その後、Microsoftがアルトマン氏の受け入れを表明。OpenAIでは、アルトマン氏の解任を決めた理事会に対する反発が強く、最終的に9割を超える社員が理事の辞任を求める書簡に署名。要求が受け入れられない場合、アルトマン氏がMicrosoftで率いるAIリサーチ部門に加わる可能性を示していた。米報道によると、理事会から暫定CEOに指名されたエメット・シア氏(Twitchの元CEO)も、アルトマン氏の解任の正当性を裏付ける証拠を示すよう理事会に求めていた。

四面楚歌に陥り、組織崩壊の可能性に直面したことで、理事会がアルトマン氏との協議を受け入れ、CEO復帰で合意した。シア氏は、4日間の解任騒動について「全ての関係者が正しい行動をとり、安全性を最大化する道筋でした。この解決の一部になれたことを嬉しく思う」とXに投稿した。
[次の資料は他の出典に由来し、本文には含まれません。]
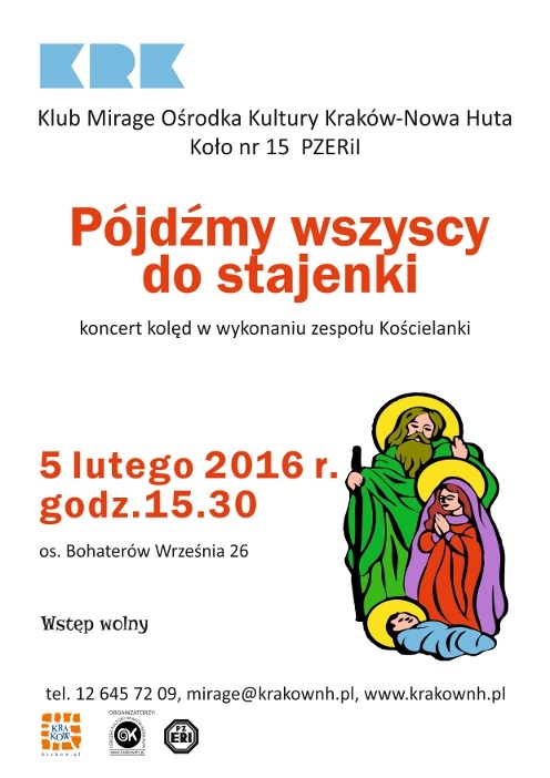 Wspólne kolędowanie to piękna polska tradycja. Kolęda jest niezwykle cennym, bo zawierającym proste prawdy utworem, który otwiera nas na tajemnice narodzin Chrystusa. By nie zapomnieć o tej tradycji Klub Mirage wraz z PZERiI zapraszają na koncert kolęd w wykonaniu zespołu Kościelanki. Usłyszymy najpiękniejsze polskie kolędy i pastorałki, które sprawią, że powrócimy jeszcze na chwilę w magiczny klimat świąt Bożego Narodzenia i pożegnamy się z nim do następnego roku.

初期理事は、ラリー・サマーズ元米財務長官、Salesforceの元共同CEOのブレット・テイラー氏(会長に就任)、そしてQuoraのCEO、アダム・ディアンジェロ氏が前理事会から残留した。この初期理事会はOpenAIのガバナンスを再構築し、新たに9人から成る新理事会を組織すると報じられている。
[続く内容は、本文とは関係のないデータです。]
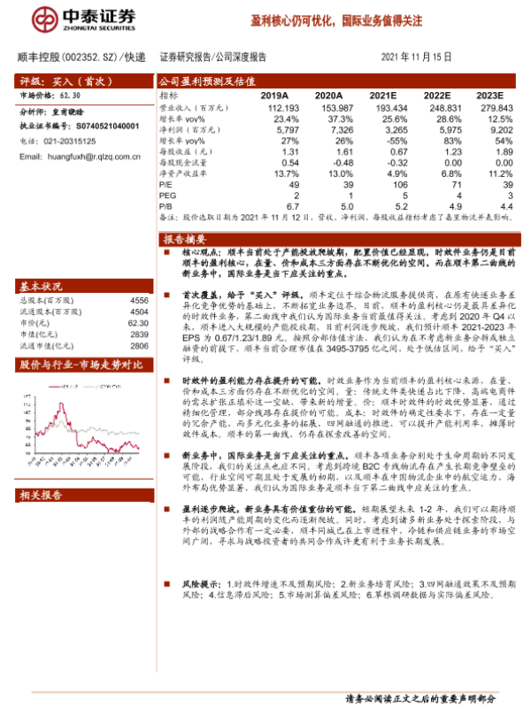 【中泰证券】【20211115】20211115-中泰证券-顺丰控股-002352.SZ-盈利核心仍可优化,国际业务值得关注-32页 行业研究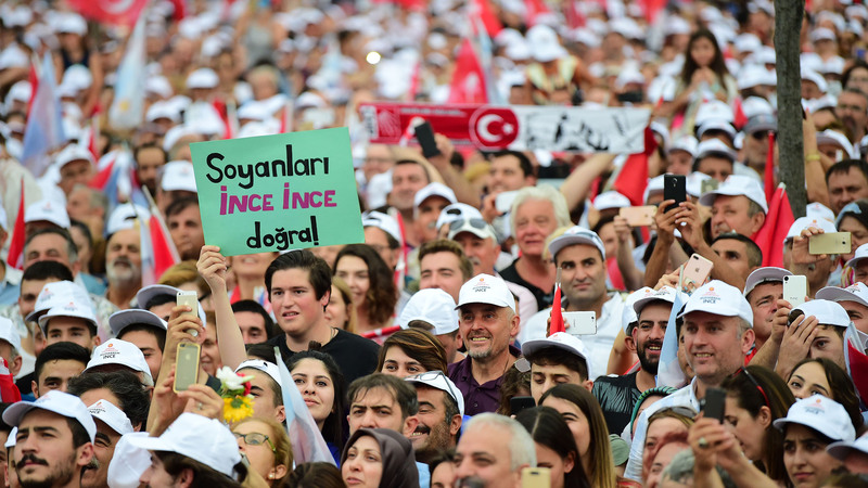 23 Haziran'daki büyük İstanbul mitingine herkesin Fenerbahçe, Galatasaray, Beşiktaş ve Trabzonspor formalarını giyerek, kol kola girerek, gelmesini isteyen Muharrem İnce, seçimi ilk turda kazanacağını ifade etti.

今後解任騒動の経緯の調査が行われるため、アルトマン氏は新理事会から外された。Microsoftから理事が選出される可能性も指摘されているが、注目点はまだ明かされていない前理事会がアルトマン氏の解任に踏み切った理由である。

OpenAIは、「広く利益をもたらす安全なAGI(汎用人工知能)の創造」をミッションに、公益を最優先する非営利組織が営利目的の事業会社を監督する体制になっている。そのOpenAIにおいて、公益優先の立場の理事と、事業の成長を優先するアルトマン氏との意見の相違が解任の背景にあったとの見方が出ている。

米報道によると、OpenAIの理事会は最大の出資者であるMicrosoftにも発表の直前までアルトマン氏の解任を伝えていなかった。社員や重要な関係者にも知らされなかった電撃解任であり、さらに解任後も説明責任を果たしていないことが、理事会に対する強い反発を引き起こした。だが、もしOpenAIのミッションである公益優先のAI開発を脅かす可能性が理由であったのなら、理事会にはCEOを解任する権限が与えられている。また、そうであったのなら、OpenAIだけの問題にとどまらない。米国で進められているAI規制や今後のAI開発にも関わってくる問題になる。

AI開発でリードする米国において、10月末にバイデン大統領が安全なAI開発と利用のための大統領令を発令したが、AI規制はまだ方向性が示された段階に過ぎない。Microsoftは、公益を重んじるOpenAIで開発された技術をパートナーシップを通じて製品に利用することで、安全かつ迅速なAI活用のバランスを保っており、それによってMicrosoftは現在の生成AIブームにおいて強い存在感を示せている。企業による自制が求められる現在のAI開発において、OpenAIは安全で責任あるAI技術の開発と普及において重要な役割を担っている。そのため、解任劇でOpenAIの研究者や社員の大量離脱が起こっていたら、AI開発に対する懸念を強める大きなリスクがあった。